Climbing, the Environment, and Cognitive Dissonance

Guest Post by Zach Smith

Large crowd of tourists at Old Faithful Geyser in Yellowstone National Park.

Instagramming Crowds at National Parks [NPR] - Unofficial Networks

Modern climbing and other outdoor pursuits are taking a huge toll on the environment. As we try to be more and more “outdoorsy” and immersed in nature we are adversely impacting the environment in a very big way.

This discussion has temporal, philosophical, and geophysical components.  The temporal portion is personal, both long-term and short-term.

The Temporal

I remember when 55mph was the upper-speed limit on the highway, we shared what gear we had (canvas packs and sneakers), and we knew every corner of our nearby crags, peaks, and trails because we just did not feel/did not have the means to travel and explore too far from home. 

Now, it seems that 55mph is the slowest possible limit for driving and people deal with the environment in the same fast-paced way.  How fast can I knock off a couple of routes, peaks, or lines? 

Have we traded the adventure for more of the same fast-paced consuming style we are accustomed to? 

The transportation idea is also about how fast and far you drive to get to the mountains/crag (faster driving, more nonrenewable resources used, more pollution).  An obvious insult to the Tragedy of the Commons, as we are burning more fuel at a faster rate just to get to the crags, thus having much more environmental impact.  

That non-renewable fuel includes parking and access infrastructure and all of our “plastic” gear.  Even if your modern gear is recycled polyester, it still has a petroleum chemical origin and largely ends up in the landfill.  

I remember climbing before bolts.

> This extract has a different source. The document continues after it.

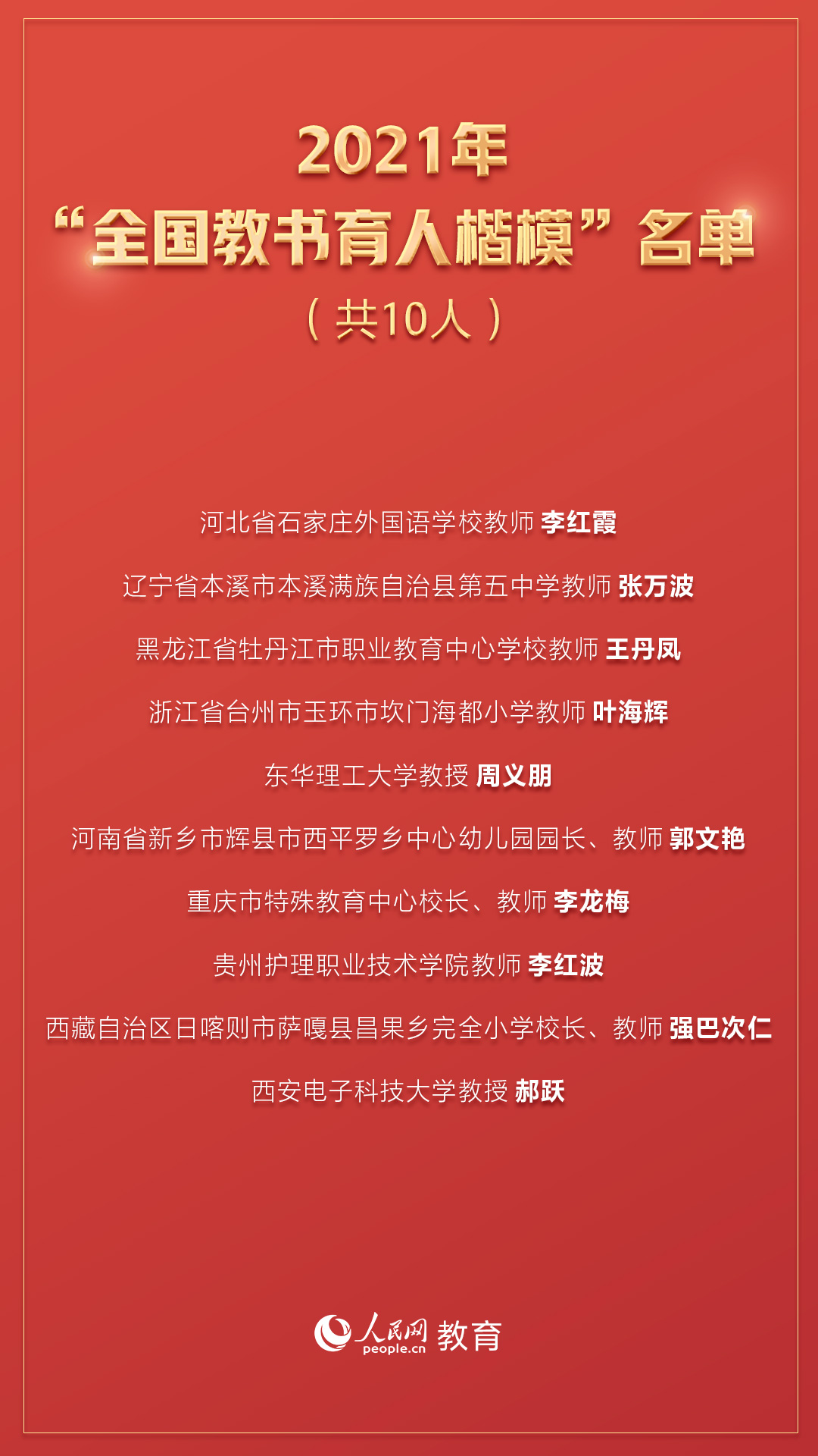 公示结束后,推选委员会组织召开推选会,结合公示反馈情况,通过分组推选、大会评定、无记名投票等环节,产生了10位全国教书育人楷模。他们是:河北省石家庄外国语学校教师李红霞,辽宁省本溪市本溪满族自治县第五中学教师张万波,黑龙江省牡丹江市职业教育中心学校教师王丹凤,浙江省台州市玉环市坎门海都小学教师叶海辉,东华理工大学教授周义朋,河南省新乡市辉县市西平罗乡中心幼儿园园长、教师郭文艳,重庆市特殊教育中心校长、教师李龙梅,贵州护理职业技术学院教师李红波,西藏自治区日喀则市萨嘎县昌果乡完全小学校长、教师强巴次仁,西安电子科技大学教授郝跃。

I’ve definitely climbed some bolted routes but without them, I would have found a different route, or possibly found a way up that route by increasing my skill, or simply not climbed the route at all and found an alternative. 

I am concerned about the trend to remove all bolts and anchors.  With only anecdotal evidence, climbing is a different sport than it was 30 years ago.  I do not think any safer according to accident reports.  There are more outdoor climbers with less actual knowledge of safe climbing practices who would be “lost” without bolts and fixed anchors. It is typical now for everyone to own a car and drive themselves, not carpool. 

The Philosophical

Photos of old school rock climbing techniques and equipment.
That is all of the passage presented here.